Merge one-hot encoded classes:

trainingtarget1 = np.concatenate((cat_Age, cat_Organ,cat_Sex,cat_LLGC), axis=1)

Test and split and compile model

`X_train, X_test, y_train, y_test = train_test_split(Normcountstrain,trainingtarget1, train_size = 0.8)

numpy.random.seed(7)

model= Sequential() model.add(Dense(units=64, input_dim=5078, activation="relu")) model.add(Dense(units=32, activation="relu")) model.add(Dense(units=100, activation="relu")) model.add(Dense(units=24, activation="sigmoid"))

model.compile(loss="binary_crossentropy", optimizer='adam', metrics=['accuracy'])

model.fit(X_train, y_train, epochs=200, batch_size=32, verbose=1, validation_split=0.15, callbacks=[EarlyStopping(monitor='val_loss', patience=5,)])

` Validation loss and accuracy etc (the model performs relatively well)... and now skipping to the part I have a question about: I run the following code to get prediction scores.

trainpred =  model.predict(X_train)
trainpred=pd.DataFrame(trainpred, index=X_train.index)

I have attached a screenshot of of a portion of the unknown samples under the 4 classes I would like to know about (the 0.9 values is a sample with a known class). As you can see it can assign some confidence value to the samples with unknown labels I would like the network to try and classify, however, they are all very very low values. Should I go with the highest value in the categories and then assume the network thinks it is most likely that class? I will say that for the most part, even though the values are low, the highest value is normally assigned to what I would assume is the correct class... so another question would then be, why is the value so low?

Is this how it is for classification of unknown labels or is there another way of evaluating this/tweaking the model to get a higher confidence value etc?

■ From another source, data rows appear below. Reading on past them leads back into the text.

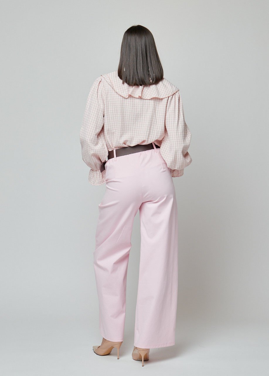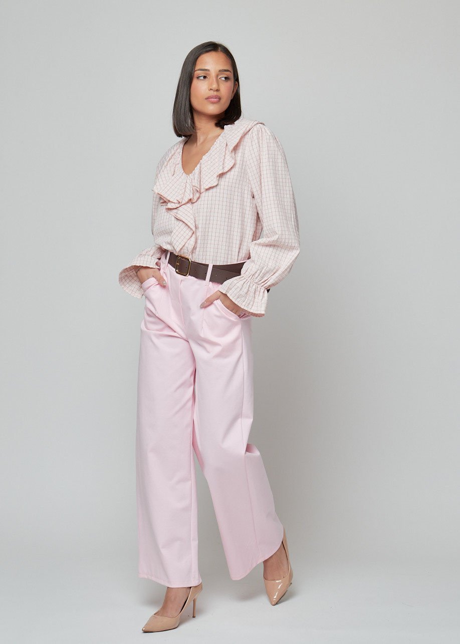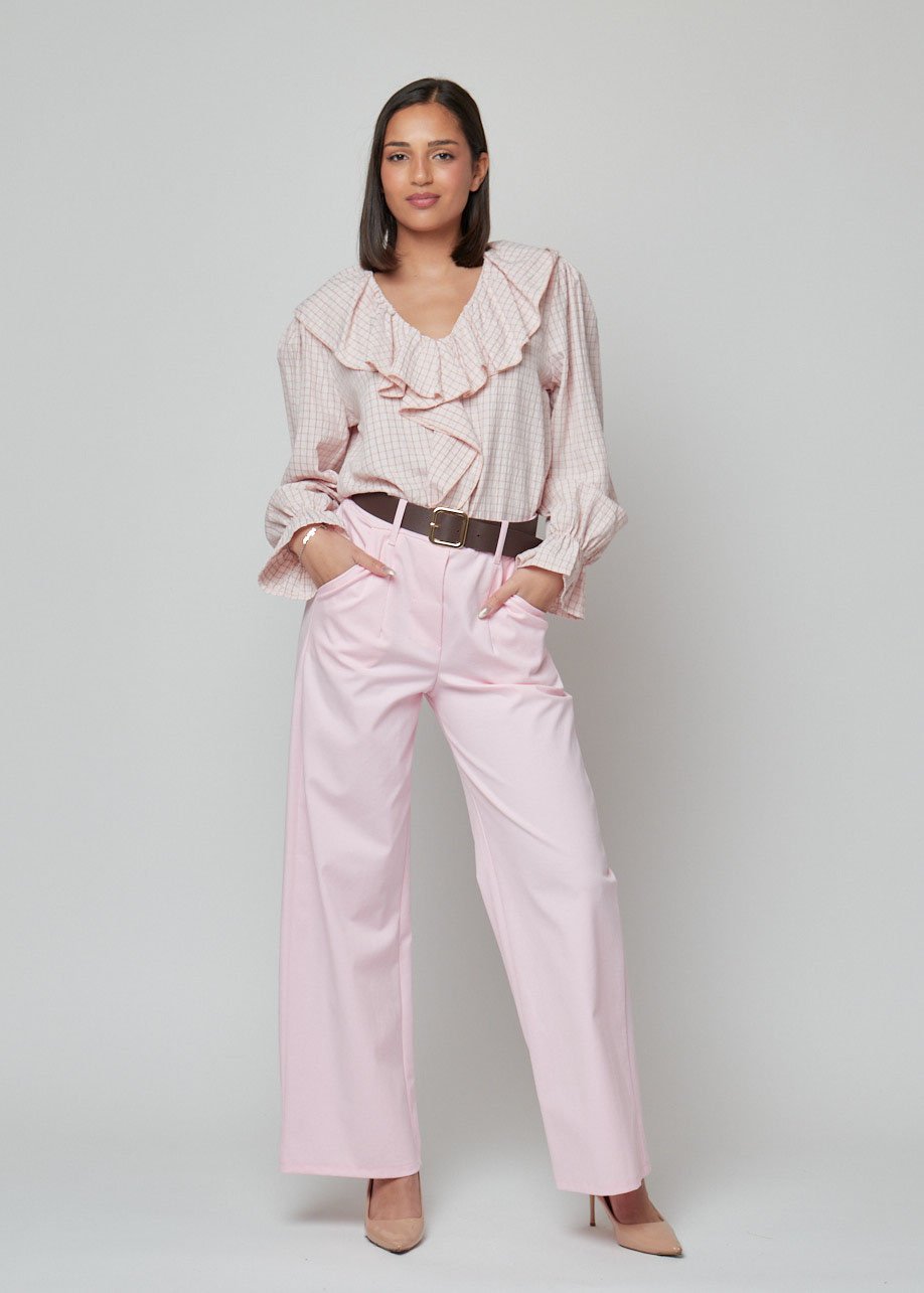 Pantalón casual rosa Petal de tiro alto y corte recto. Un básico femenino y versátil para primavera verano 2026.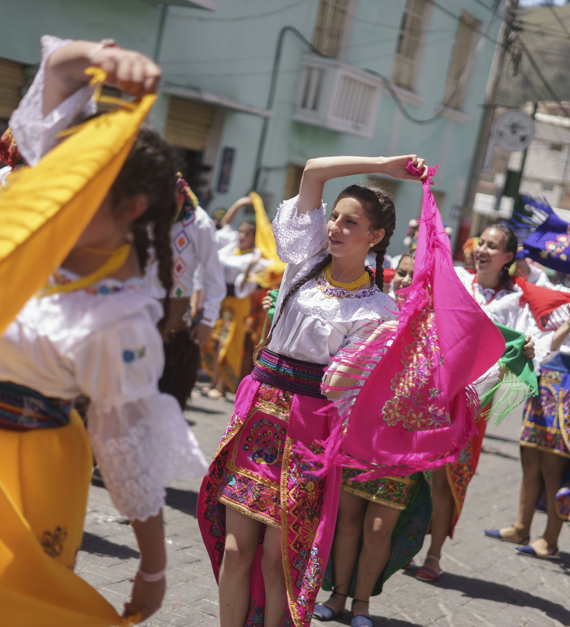 El domingo 11, en cambio, es la fiesta masiva, la comparsa mestiza en la que participan aproximadamente 60 grupos no solo de Ecuador, sino de Colombia y Perú que se esfuerzan por ganar los aplausos de una numerosa audiencia apostada por más de cinco horas en las calles de la pequeña ciudad.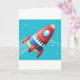 Rêver de voler à travers l'espace dans un vaisseau spatial. Eh bien, ce design répondra à ce rêve. Il est sorti d'un vaisseau spatial coloré qui vole dans l'espace. La fusée est multicolore et a une piste de vapeur à l'arrière. Il est dressé contre un arrière - plan bleu. Cette conception de vaisseaux spatiaux volants est superbe sur ces cartes de voeux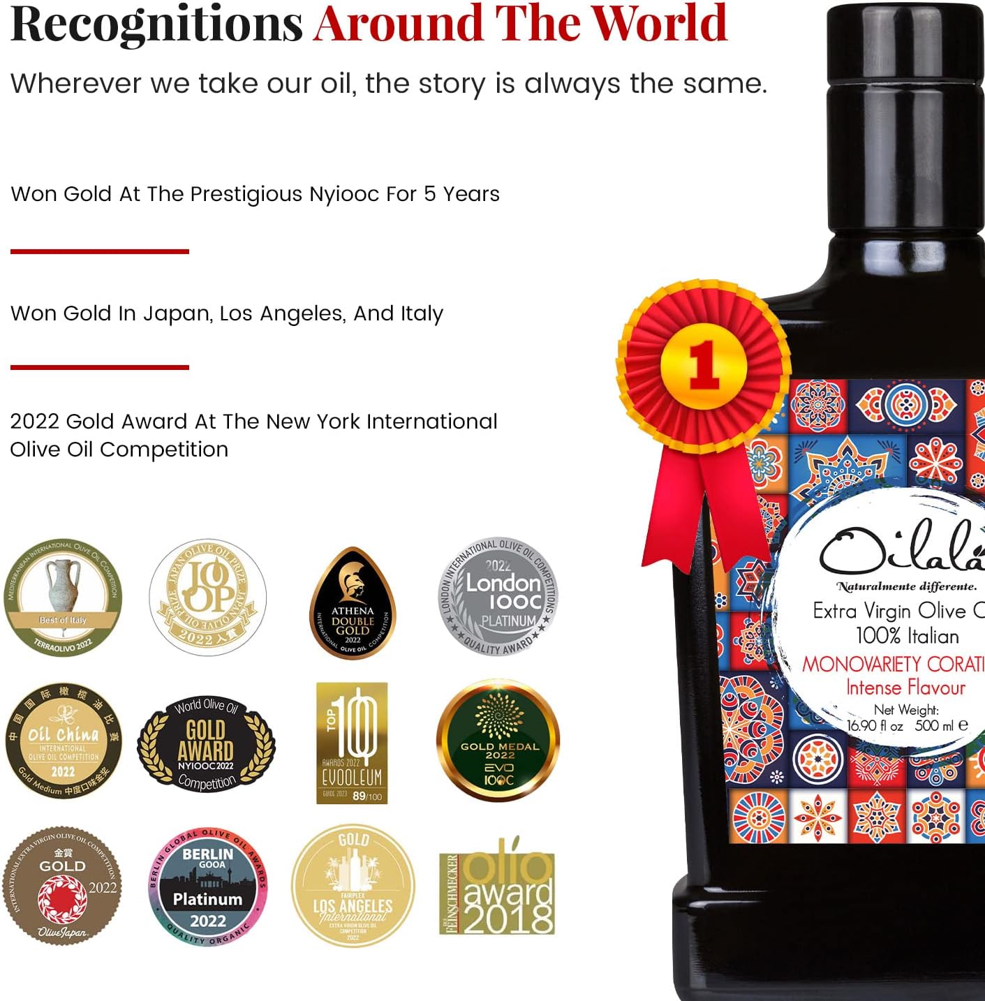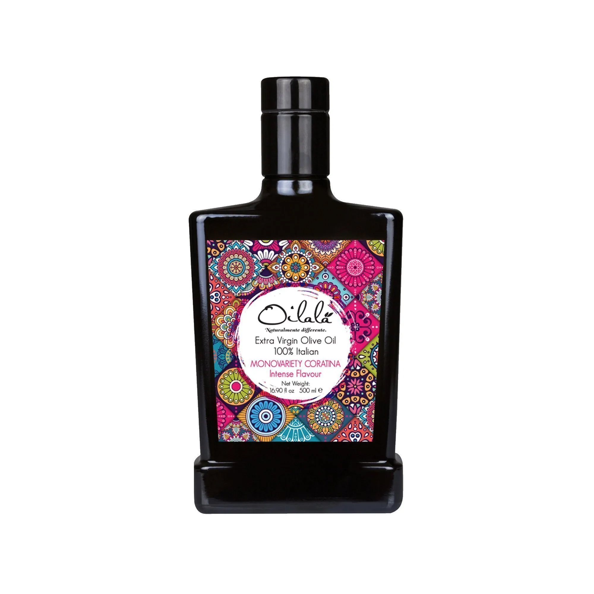 Realizat exclusiv din măsline Coratina: pentru cei care caută un ulei de măsline extravirgin cu un gust intens, fructat, caracteristic acestui soi, cu un postgust amărui și o iuțeală finală plăcută. Este excelența în materie de ulei de măsline – acel ulei care “pișcă în gât” și încântă cunoscătorii.

I will add, I dont want to force these in to the test unseen set as this class is not known at all, and so would like to try and train on these to learn unique features within this class. They are samples at different ages where the class is not known, but it is known for two ages.. I would like to see where they fit in between...

Thank you for your time and any help and advice is much appreciated!!

Screenshot 2019-06-05 at 16 20 00

VikramjeetD commented 5 years ago

@amjass12 Low confidence values for most output nodes probably a good thing, I think. If you notice carefully, all except one of the output nodes for a particular class should have very low values, meaning your classifier is very confident in predicting that class.

For example, consider the set of 12 nodes in your output predicting cat_organ. 11 very low values and 1 high value means your classifier confidently predicts that the correct label is the one corresponding to the highest value. So majority of the values being low is completely normal I think.

As for predictions on inputs with missing labels, I think your current model is not suited for the task. I can suggest some modifications (I have personally not tried out any of these, but they should be an improvement on your current model):

The naive way: Replace missing values with the mean or such statistic. This might not give great results.
Use a Dropout like feature for the first layer
Predict the missing values with another neural net for training. Part of this Stackoverflow answer explains a bit more on that.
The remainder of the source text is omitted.